Re: Zombie writers protection

Posted by Jacob Maes <ja...@gmail.com>.
Hey Rick,

If I understand your question, the goal is really to make sure there are no
orphaned containers that continue to run "off the books".

The newly added SAMZA-871 describes a heart beat mechanism to make sure
orphaned containers actually get killed.

Also, the YARN Node Manager Restart capability might help. We're in the
process of testing this at LinkedIn:
https://hadoop.apache.org/docs/current/hadoop-yarn/hadoop-yarn-site/NodeManagerRestart.html

-Jake

On Wed, Feb 10, 2016 at 1:42 PM, John Dennison <de...@gmail.com>
wrote:

> To second Rick's point. Its less about malicious actors, but rather
> containers thought to be lost due to a network partition popping up later
> and starting to write to the change log. I assume from Rick's response that
> yarn is responsible for ensure only one version of each container is
> running and samza has nothing internal to deal with this.
>
> I guess you could hijack kafka's auth framework to block old zombie
> containers from writing. Use some global lock's incrementing token as the
> password. A zombie process would auth with an old token and be denied. I
> haven't looked but i imagine that 0.9.0 auth framework isn't done on a
> partition level.
>
> On Wed, Feb 10, 2016 at 2:27 PM, Rick Mangi <ri...@chartbeat.com> wrote:
>
> > Security wouldn’t stop zombie processes from writing to kafka. I had this
> > problem with yarn before where the container thought it was killing jobs
> > but they never actually died, and in fact continued to write to kafka.
> >
> >
> > > On Feb 10, 2016, at 4:23 PM, Jagadish Venkatraman <
> > jagadish1989@gmail.com> wrote:
> > >
> > > Hi John
> > >
> > > Currently there is no authorization on who writes to Kafka. There is a
> > > Kafka security proposal that the kafka community is working on.
> > > https://cwiki.apache.org/confluence/display/KAFKA/Security
> > >
> > > Building this into Samza may entail expensive coordination (to prevent
> > > other jobs). Since, jobs are usually run in a trusted environment, I've
> > not
> > > seen people requesting this use-case. Even if we did build this into
> > Samza,
> > > nothing stops people from writing to that Kafka topic by bypassing
> Samza
> > > completely. (thro' the kafka producer or external library)
> > >
> > > I'd think Kafka would build support for authorization, principals,
> roles
> > > etc. in the future and Samza can leverage it once it's done.
> > >
> > > Thoughts?
> > >
> > > On Wednesday, February 10, 2016, John Dennison <
> dennison.john@gmail.com>
> > > wrote:
> > >
> > >> Greetings,
> > >>
> > >> I have general design question i did not see addressed in the docs.
> > >> Basically how does samza guarantee a single writer for each changelog
> > >> partition. Because of strong ordering assumption of these changelog,
> > how do
> > >> you protect against zombie processes writing to the changelog with out
> > of
> > >> date values.
> > >>
> > >> Thanks,
> > >>
> > >> John
> > >>
> >
> >
>

Re: Zombie writers protection

Posted by John Dennison <de...@gmail.com>.
To second Rick's point. Its less about malicious actors, but rather
containers thought to be lost due to a network partition popping up later
and starting to write to the change log. I assume from Rick's response that
yarn is responsible for ensure only one version of each container is
running and samza has nothing internal to deal with this.

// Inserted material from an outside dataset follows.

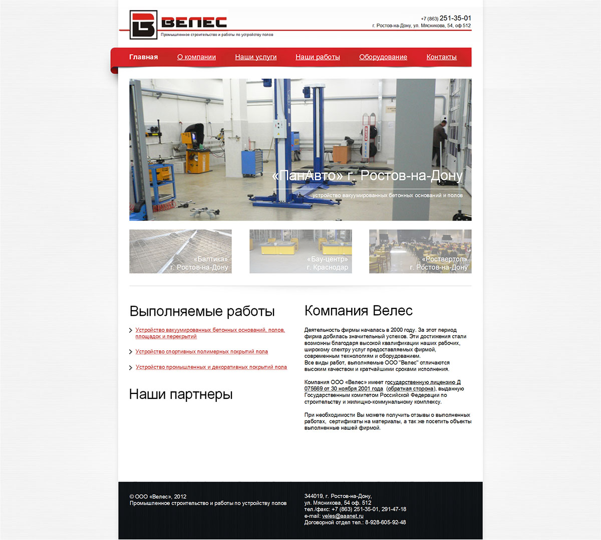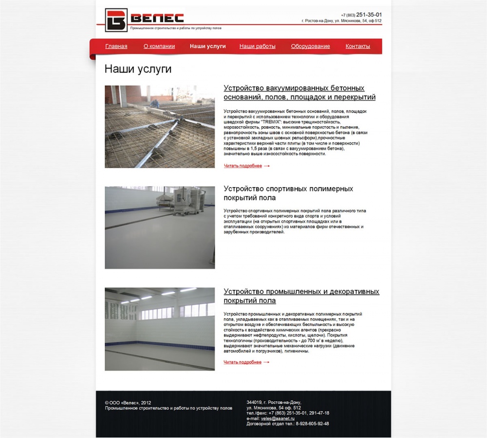Компания выполняет работы по устройству полимерных и бетонных промышленных полов различной сложности. Более 10 лет на рынке строительных услуг, высокопроизводительное оборудование, квалифицированный

I guess you could hijack kafka's auth framework to block old zombie
containers from writing. Use some global lock's incrementing token as the
password. A zombie process would auth with an old token and be denied. I
haven't looked but i imagine that 0.9.0 auth framework isn't done on a
partition level.

On Wed, Feb 10, 2016 at 2:27 PM, Rick Mangi <ri...@chartbeat.com> wrote:

> Security wouldn’t stop zombie processes from writing to kafka. I had this
> problem with yarn before where the container thought it was killing jobs
> but they never actually died, and in fact continued to write to kafka.
>
>
> > On Feb 10, 2016, at 4:23 PM, Jagadish Venkatraman <
> jagadish1989@gmail.com> wrote:
> >
> > Hi John
> >
> > Currently there is no authorization on who writes to Kafka. There is a
> > Kafka security proposal that the kafka community is working on.
> > https://cwiki.apache.org/confluence/display/KAFKA/Security
> >
> > Building this into Samza may entail expensive coordination (to prevent
> > other jobs). Since, jobs are usually run in a trusted environment, I've
> not
> > seen people requesting this use-case. Even if we did build this into
> Samza,
> > nothing stops people from writing to that Kafka topic by bypassing Samza
> > completely. (thro' the kafka producer or external library)
> >
> > I'd think Kafka would build support for authorization, principals, roles
> > etc. in the future and Samza can leverage it once it's done.
> >
> > Thoughts?
> >
> > On Wednesday, February 10, 2016, John Dennison <de...@gmail.com>
> > wrote:
> >
> >> Greetings,
> >>
> >> I have general design question i did not see addressed in the docs.
> >> Basically how does samza guarantee a single writer for each changelog
> >> partition. Because of strong ordering assumption of these changelog,
> how do
> >> you protect against zombie processes writing to the changelog with out
> of
> >> date values.
> >>
> >> Thanks,
> >>
> >> John
> >>
>
>

Re: Zombie writers protection

Posted by Rick Mangi <ri...@chartbeat.com>.
Security wouldn’t stop zombie processes from writing to kafka. I had this problem with yarn before where the container thought it was killing jobs but they never actually died, and in fact continued to write to kafka.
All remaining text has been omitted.